Sarah Pinder is the author of Cutting Room (Coach House Books, 2012) and Common Place (Coach House Books, 2017). Her writing has been shortlisted for the Lambda Literary Awards, and included in magazines like Geist, Arc and Poetry is Dead. She lives in Toronto.

Canisia Lubrin is the author of Voodoo Hypothesis and The Dyzgraphxst.

Bardia Sinaee was born in Tehran, Iran, and lives in Toronto. His first book is Intruder (Anansi, 2021).

Mark Truscott’s most recent book, Branches, won the inaugural Nelson Ball Prize. Newer poems appear in Fiddlehead and Posit, and others are forthcoming in Grain, Hampden-Sydney Poetry Review, New Quarterly, and Oversound.

R. Kolewe lives in Toronto.

He has published two collections of poetry, Afterletters (Book*hug 2014) and Inspecting Nostalgia (TalonBooks 2017) and several chapbooks, most recently The Wild Fox (Knife | Fork | Book 2021) and Like the noises alive people wear (above/ground 2019).

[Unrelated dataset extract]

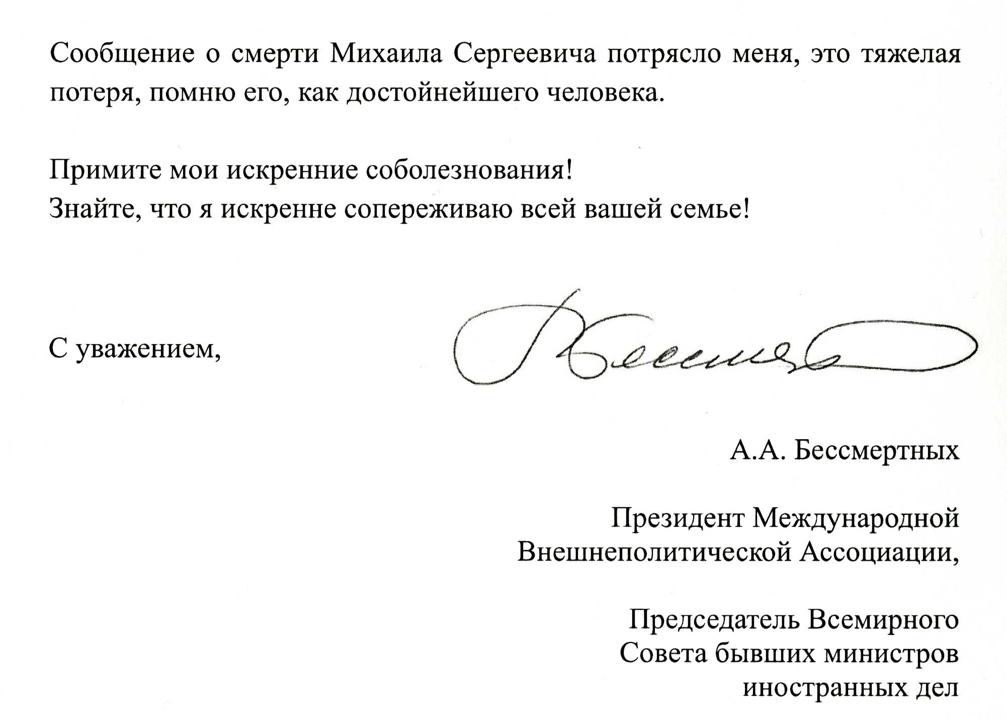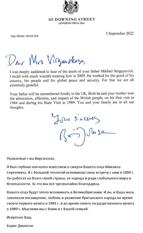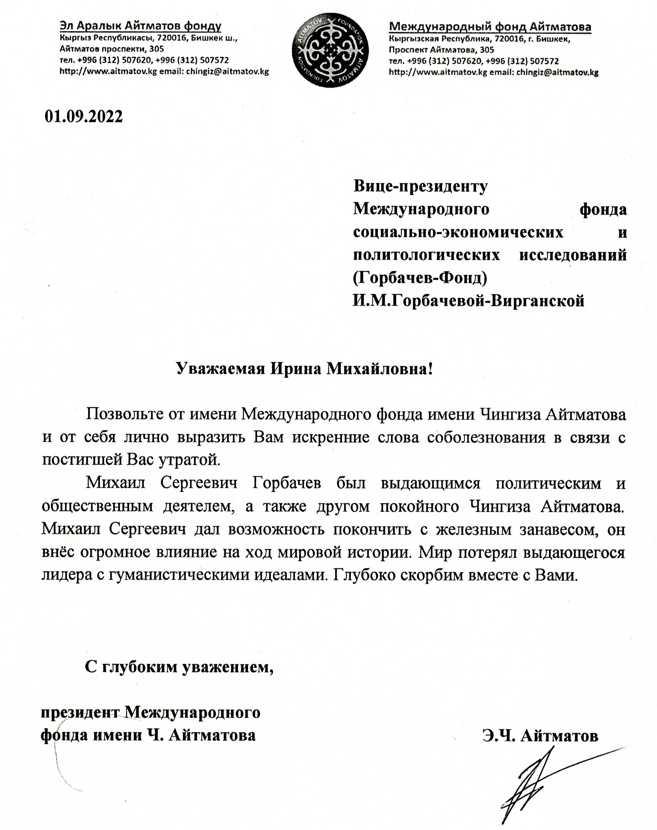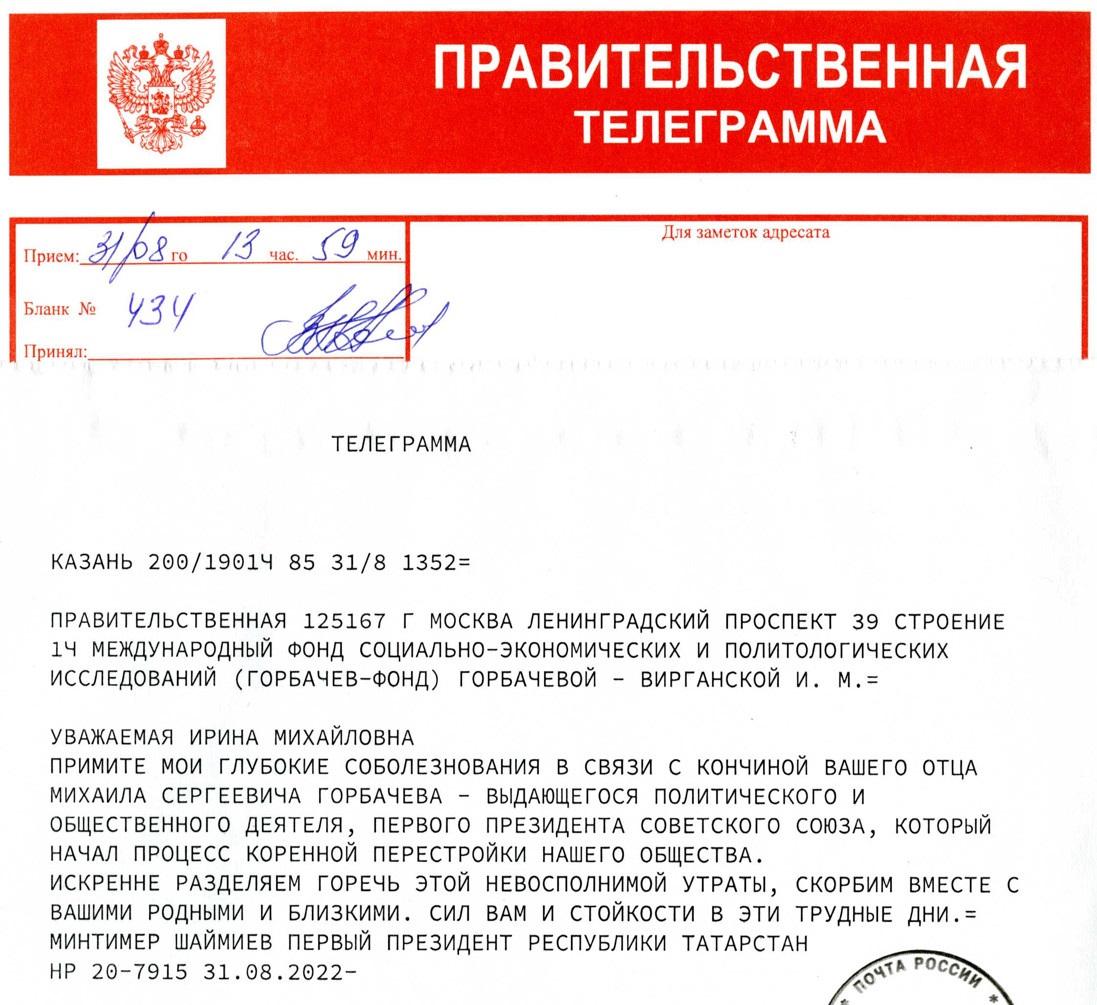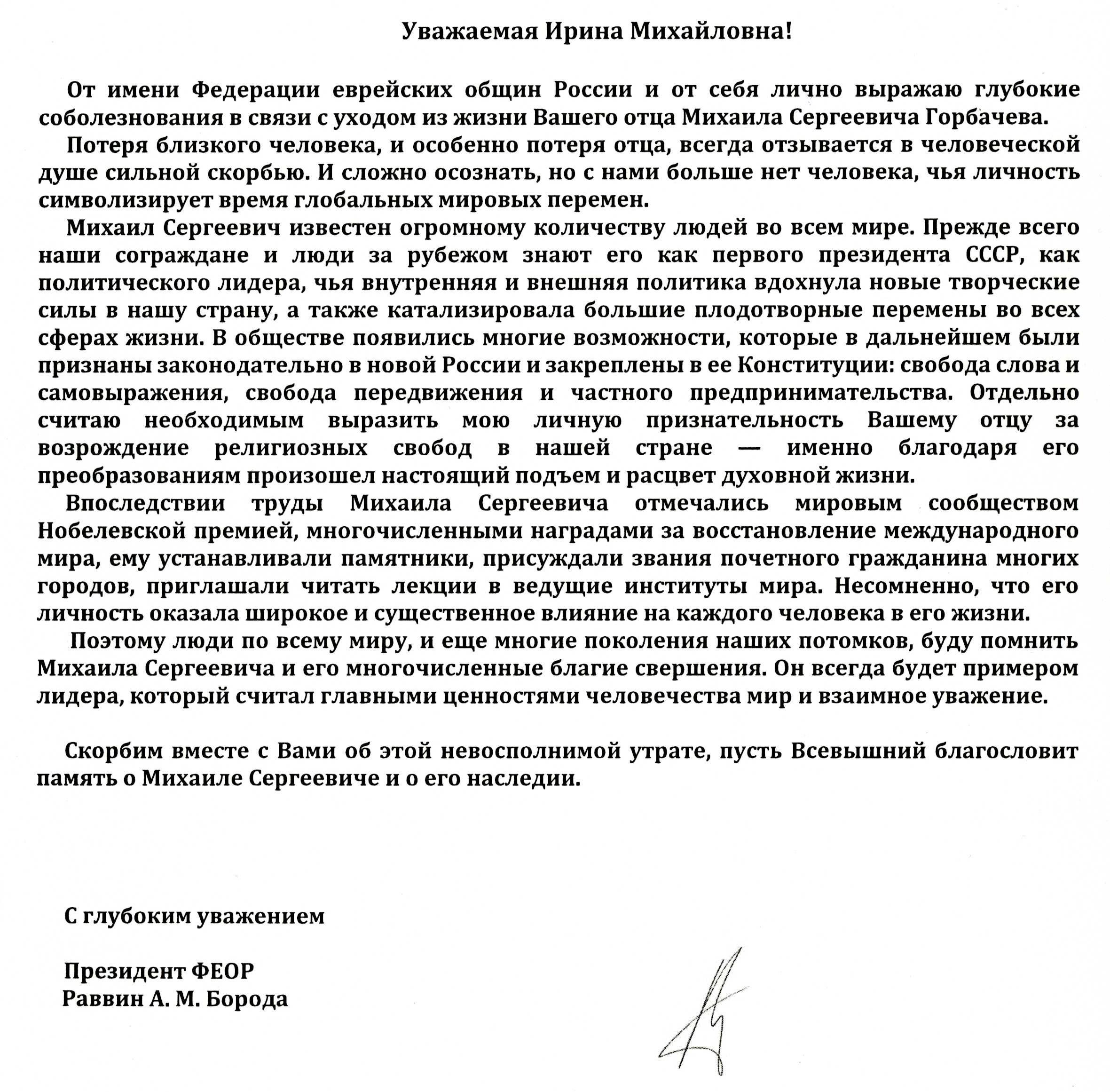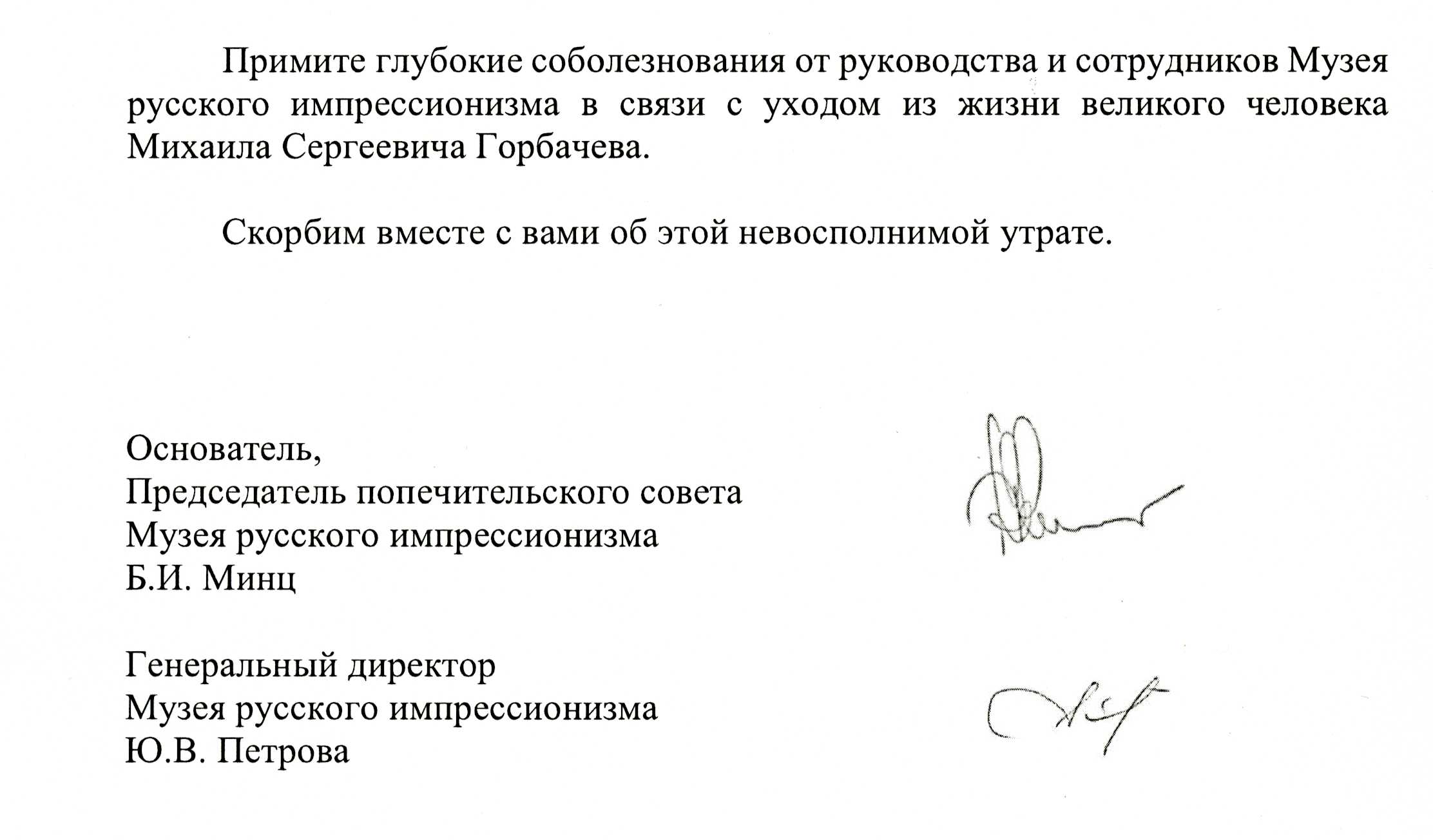 Уважаемая госпожа Вирганская, Прошу принять мои искренние соболезнования в связи с кончиной Вашего отца, господина Михаила Сергеевича Горбачева. С наилучшими пожеланиями,

A book-length poem, The Absence of Zero, is forthcoming from Book*hug later in 2021.

Anne Michaels is a novelist and poet. Her books are translated into more than fifty languages and have won dozens of international awards, including the Orange Prize, the Guardian Fiction Prize, and the Lannan Award for Fiction. Among many other honours, she has served as Toronto’s Poet Laureate. Her novel FUGITIVE PIECES was adapted as a feature film. Her most recent books include ALL WE SAW and INFINITE GRADATION.